After finding it difficult to recruit for a study about smoking behaviour, Jen began involving people. With the help of her university’s participation manager, she redesigned the study information materials that were being sent out to potential participants because she suspected they may be the cause of the problem. She then interviewed some potential participants drawn from her target sample to discuss what they thought the problem was. The interviews showed that a number of things were possibly putting them off, but especially the way in which the study information was originally presented. They thought the new information packs were much better, and also highlighted some additional changes they would like to see, which were subsequently incorporated.

Afterwards, Jen said she wished she’d involved people sooner. She has learned a lot from the experience, and bears these lessons in mind now when constructing information packs for new studies, making sure the relevant information is presented clearly, and using pictures to illustrate some of the key points. She intends to involve people in reviewing the packs before they are sent for ethical review because ‘on the basis of past experience, this will save us a lot of time and energy and to-ing and fro-ing!’. She also thought that involving people earlier meant that their suggestions could be used to change the research. 
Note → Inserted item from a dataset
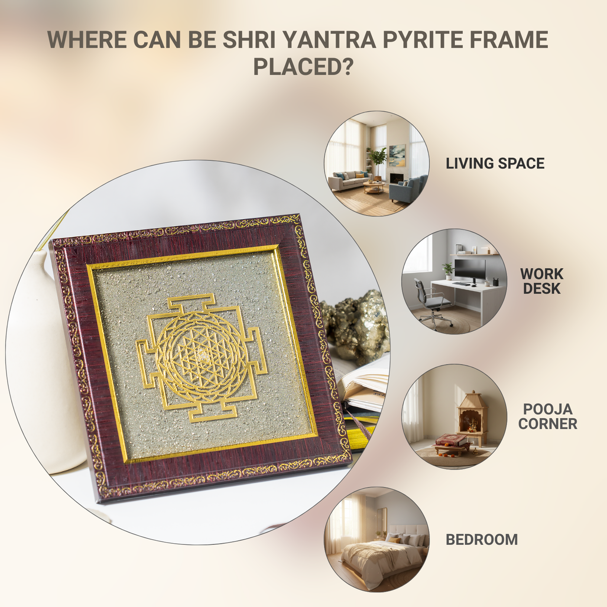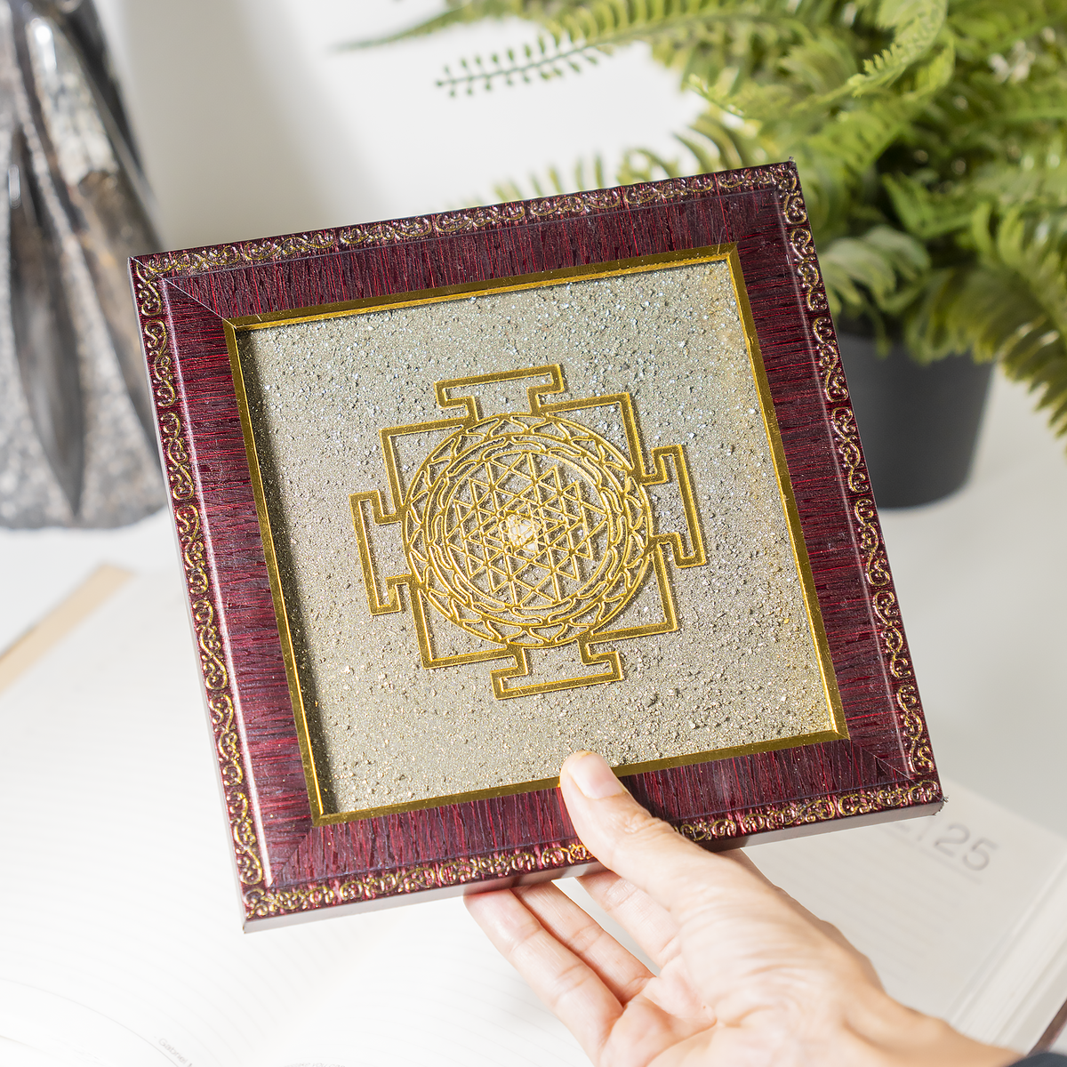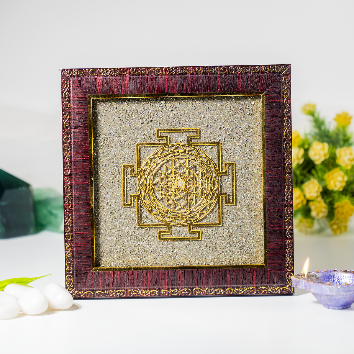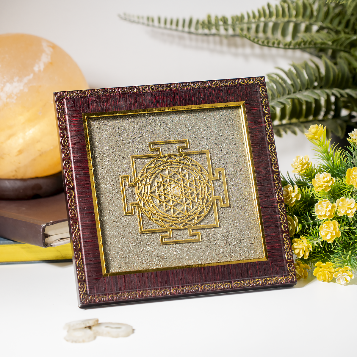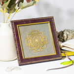A beautifully crafted Pyrite Dust Plate featuring the sacred Shree Yantra design, perfect for bringing prosperity, positivity, and spiritual balance into any space. This shimmering decor piece adds an elegant touch to your home while enhancing energy flow and promoting abundance. Ideal for meditation rooms, altars, offices, or living spaces.

Sometimes Jen thinks researchers have become ‘hardwired to do things a certain way’ and having an ‘alternative perspective is really refreshing’. She said it’s important to take ‘a step back from yourself as a scientist and try to think about how it would be if you were receiving something like this [information] as a member of the group that you’re planning on recruiting from’. But she explained that this isn’t always so easy to do as a researcher because you spend a lot of time ‘writing and speaking in an academic way. Taking a step back can be more difficult than it sounds. She finds it helpful to explain her work to her friends and husband who don’t work in academia. 

Although she has never involved people throughout all stages of a study, Jen said she would be interested to see how that would work. She thought it would be difficult to see how they could make a difference to tasks requiring a lot of expertise, like statistical analyses, but would be happy to try to explain it to them and get their opinions on it. However, she thought they could contribute to interpreting and understanding the results, and that participant involvement could be particularly useful in the generation of ‘lay summaries’ of studies which often feature in academic papers. She has recommended involvement to colleagues. She especially encourages them to work with participation managers, whose role is to be a link between academics and the public and who are skilled at communicating complex information in a simple way.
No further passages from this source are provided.